Flow-Factory: A Unified Framework for Reinforcement Learning in Flow-Matching Models
This work addresses a practical engineering bottleneck for researchers and practitioners in reinforcement learning and generative modeling, offering a modular framework to reduce implementation overhead and accelerate prototyping, though it is incremental in nature.
The paper tackles the problem of fragmented codebases and engineering complexity in reinforcement learning for aligning flow-matching models with human preferences by introducing Flow-Factory, a unified framework that enables seamless integration of new algorithms and architectures, as demonstrated with support for GRPO, DiffusionNFT, and AWM across various models.

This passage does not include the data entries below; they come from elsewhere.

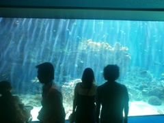 | ロコモコを堪能する有磯副会長 | ちゅらうみ水族館から見た景色☆ | すごく幻想的でした |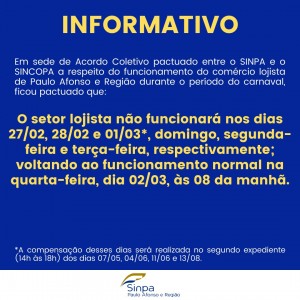 As lojas do centro comercial de Paulo Afonso e do bairro Tancredo Neves estarão fechadas nos dias 27/02, 28/2 (de carnaval ) e 01/03, conforme publicação no informativo do Sinpa /Sincopa.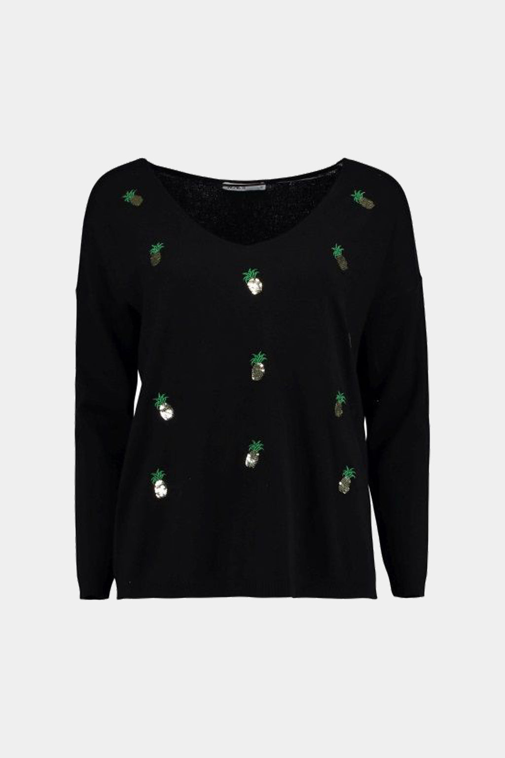Crafted for comfort and style, this Hailys women's sweatshirt features a playful pineapple design on a black background. The regular fit and round neck provide a flattering look for everyday wear. Made with quality materials, you'll love how soft and cozy this sweatshirt feels.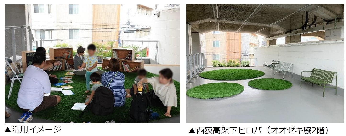 2024年7月より、西荻高架下オオゼキ西荻窪店脇2階に、芝生やベンチを設けた地域のヒロバを開放しています。既に街中の憩いの場として、地域の方々や訪れた皆様に心地よい時間を提供しています。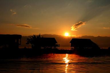 Keywords: floating house sunrise inle lake inle myanmar burma lake glowing sky asia sunlight water
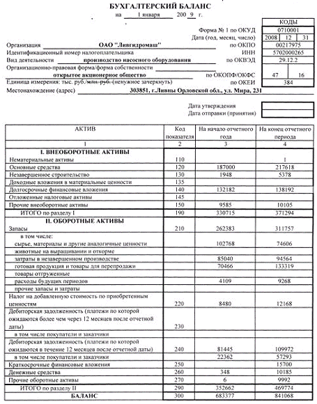 деятельность промышленного предприятия ОАО «Ливгидромаш”.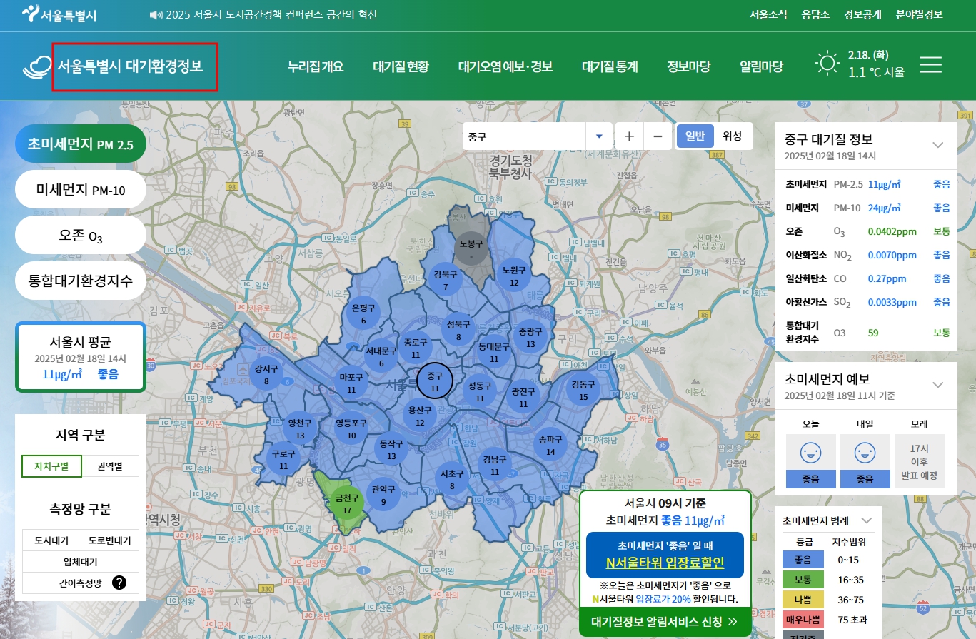 서울특별시 대기환경정보를 방문해 보세요.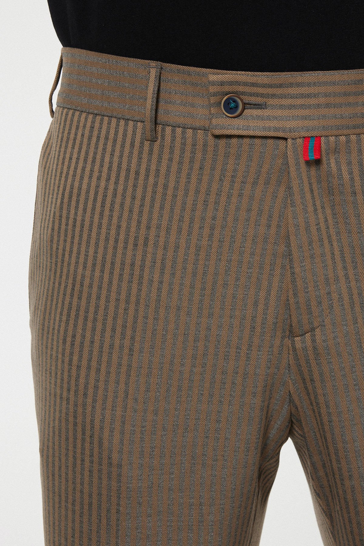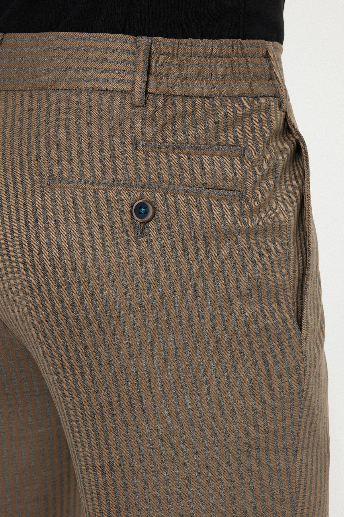 Kemer içi lastik detayı, pantolonun belde tam ve konforlu bir şekilde oturmasını garanti ederken, dışarıdan klasik bir görünüm sergiler.

Reinforcement learning has emerged as a promising paradigm for aligning diffusion and flow-matching models with human preferences, yet practitioners face fragmented codebases, model-specific implementations, and engineering complexity. We introduce Flow-Factory, a unified framework that decouples algorithms, models, and rewards through through a modular, registry-based architecture. This design enables seamless integration of new algorithms and architectures, as demonstrated by our support for GRPO, DiffusionNFT, and AWM across Flux, Qwen-Image, and WAN video models. By minimizing implementation overhead, Flow-Factory empowers researchers to rapidly prototype and scale future innovations with ease. Flow-Factory provides production-ready memory optimization, flexible multi-reward training, and seamless distributed training support. The codebase is available at https://github.com/X-GenGroup/Flow-Factory.